Aais struggled against the current, maintaining a distance from the elders. 'Don't make me part of this,’ he squealed. ‘I don't understand what happened to me. I am not someone who knows better than the elders!'

'Yes, you are,’ the other young ones insisted. ‘You've seen and touched a god. That makes you just as knowledgeable as any elder.'

He shook his head, fins flapping loosely. 'I don't know anything!’

'Yes, you do!'

Aais bowed his head in silence. Then, 'I think we need to find our gods,’ he said at last, fins pricked. ‘Our gods are at the root of all of this.'

'See, I told you. Aais thinks we should go into the dark water to consult with our gods…' the elder’s tone was suspicious, even accusatory.
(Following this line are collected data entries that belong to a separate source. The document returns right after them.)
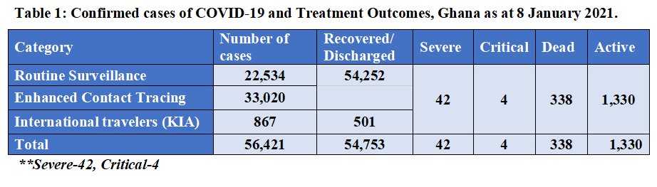 Official figures from the Ghana Health Service (GHS) indicated 298 active cases as of October 8, 2020, but this has shot up to 1,330 as of January 8, 2021, the last report released at press time.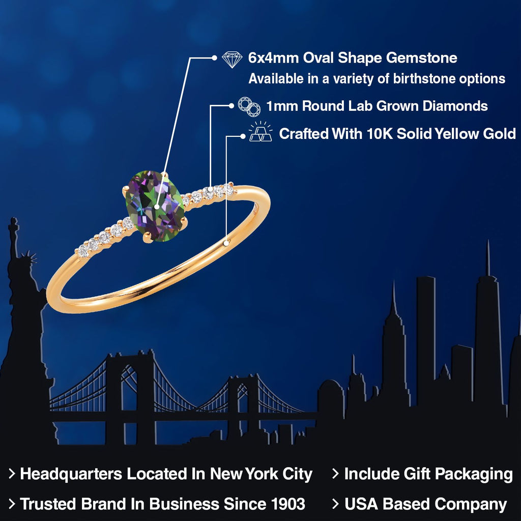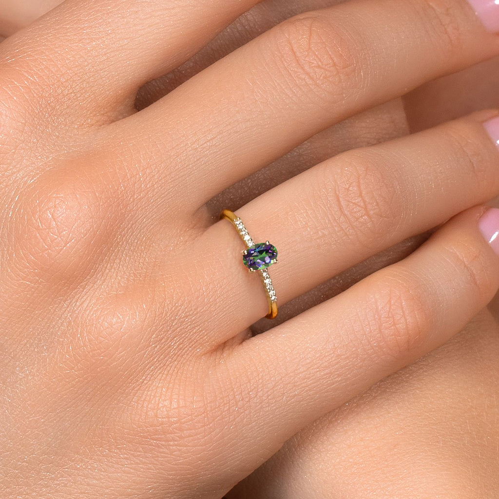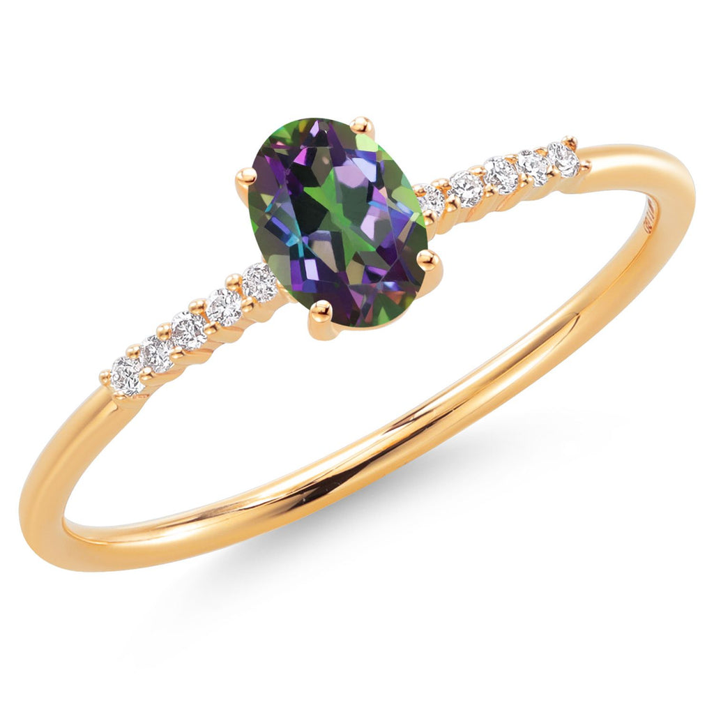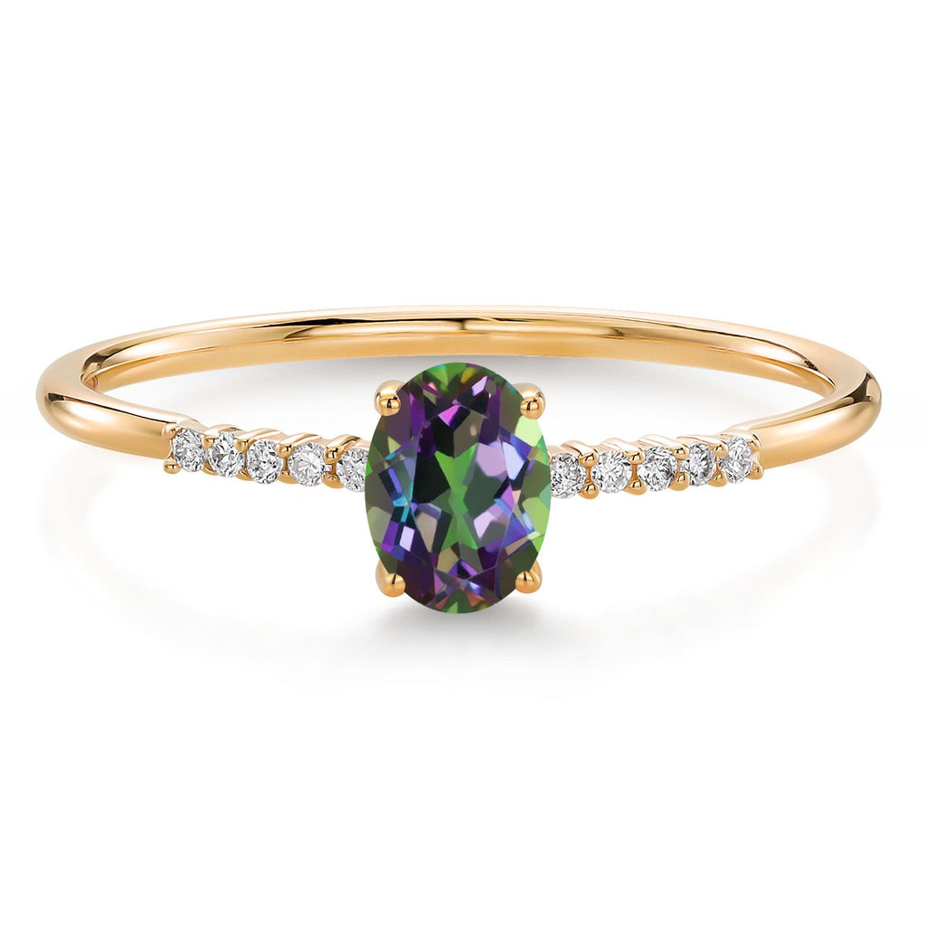 MEASUREMENTS: 6x4mm Oval Coated Green Mystic Topaz, 1x1mm Round E - F Lab Grown Diamond. Total Carat Weight is 0.65 cttw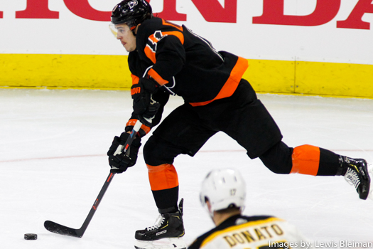 Left Wing Jake DeBrusk (#74) of the Boston Bruins, Defenseman Andrew MacDonald (#47) of the Philadelphia Flyers

'No!’ Aais exclaimed. 'The god took me up onto the land. That's where our gods are going, so that's where we need to go.'

'We can't go on the land!’ came the chorus. ‘We'll die! We don't know what's up there.'

There was no convincing them. 'Nonetheless,’ said Aais, his fins now fluttering insolently, ‘that is where god wants me to go. I can't speak for the rest of you. As I said, I'm no elder, I can't make a decision about what you should all do. I only know what I have to do.'

And with that, he swam out of the council, which quickly dissolved and reformed behind him, many amber eyes staring. Aais knew that he needed to go ashore, but suddenly, he also felt very ill.